Kestrel hadn’t meant to upset the senator. She’d just been curious. She wasn’t aware that his wife, also at the dinner, hadn’t known about the mistresses.
Kestrel was sent from the table to sit alone in Jess’s suite.
Ronan smuggled her dessert. They ate white powdered cakes together, sugar dust all over their faces, and she laughed as Ronan imitated the senator’s reaction, puffing out his cheeks and holding his breath until his face turned red.
After that, Ronan noticed her.
Kestrel missed her friend. She missed him right now as he sat before her, everything about him playful and careless except for his eyes, which cared very much, and were cold.
He drank his cup dry. “What do you want, Kestrel?”
“Did you tell Jess?”
Ronan arched one brow. “Did I tell Jess.” He twirled his glass by its stem. “Let’s see. Did I tell Jess that those rumors were true, that all autumn long you had a lover—”
“I didn’t.”
“That’s right. It began in summer, when you bought him. Did I tell Jess that? Did I tell her that you’d rather buy someone to bring to your bed than love her brother? Maybe we wondered out loud what was so repulsive about marriage to me that you chose a slave instead.
“Maybe I told Jess, ‘I know, I know. You loved her, too. But on Firstwinter night she wasn’t there when you drank the poisoned wine. She wasn’t there when you gagged and choked and I dragged you behind a curtain to hide while slaves stabbed our friends. Kestrel wasn’t there when I held my dying sister. Because Kestrel left the ball with him.’” Ronan set the wineglass down on a table with infinitely delicate precision. “No, I didn’t tell Jess that. One broken heart in the family is enough.”
Kestrel tasted the memory of those sugared cakes. Their lost sweetness made it impossible to speak.
“Troubled, Kestrel?”
Though she knew he didn’t really want to hear her answer, she couldn’t help telling him. “Jess won’t answer my letters. When I pay her a call, servants say she’s out. She’s not. She’s in her rooms, waiting for me to leave. I thought that maybe…”

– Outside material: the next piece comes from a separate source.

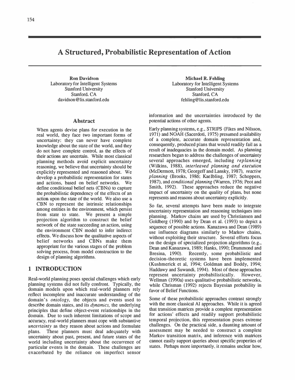 When agents devise plans for execution in the real world, they face two important forms of uncertainty: they can never have complete knowledge about the state of the world, and they do not have complete control, as the effects of their actions are uncertain. While most classical planning methods avoid explicit uncertainty reasoning, we believe that uncertainty should be explicitly represented and reasoned about. We develop a probabilistic representation for states and actions, based on belief networks. We define conditional belief nets (CBNs) to capture the probabilistic dependency of the effects of an action upon the state of the world. We also use a CBN to represent the intrinsic relationships among entities in the environment, which persist from state to state. We present a simple projection algorithm to construct the belief network of the state succeeding an action, using the environment CBN model to infer indirect effects. We discuss how the qualitative aspects of belief networks and CBNs make them appropriate for the various stages of the problem solving process, from model construction to the design of planning algorithms.

“I had been telling her some hard truths.” Ronan laced his fingers and then spread them wide, shrugging. “Have you considered that whatever has come between you two is your doing?”
I saw him, Jess had said when Kestrel had slipped into bed beside her the night of her engagement ball. What exactly had Jess seen?
“What’s this?” Ronan quickly leaned forward to tug on a corner of the folded paper peeking out of her skirt pocket. He pulled the recruitment list free.
“Nothing.” She reached for it.
He jerked the page away and unfolded it. “Ohhh. I know what this is. Look, you even got Caris to sign up. Now, where’s a pen?”
“No. Ronan, don’t.”
Holding the list of recruits high above Kestrel’s reach as if they were children, Ronan rummaged one-handed around the room.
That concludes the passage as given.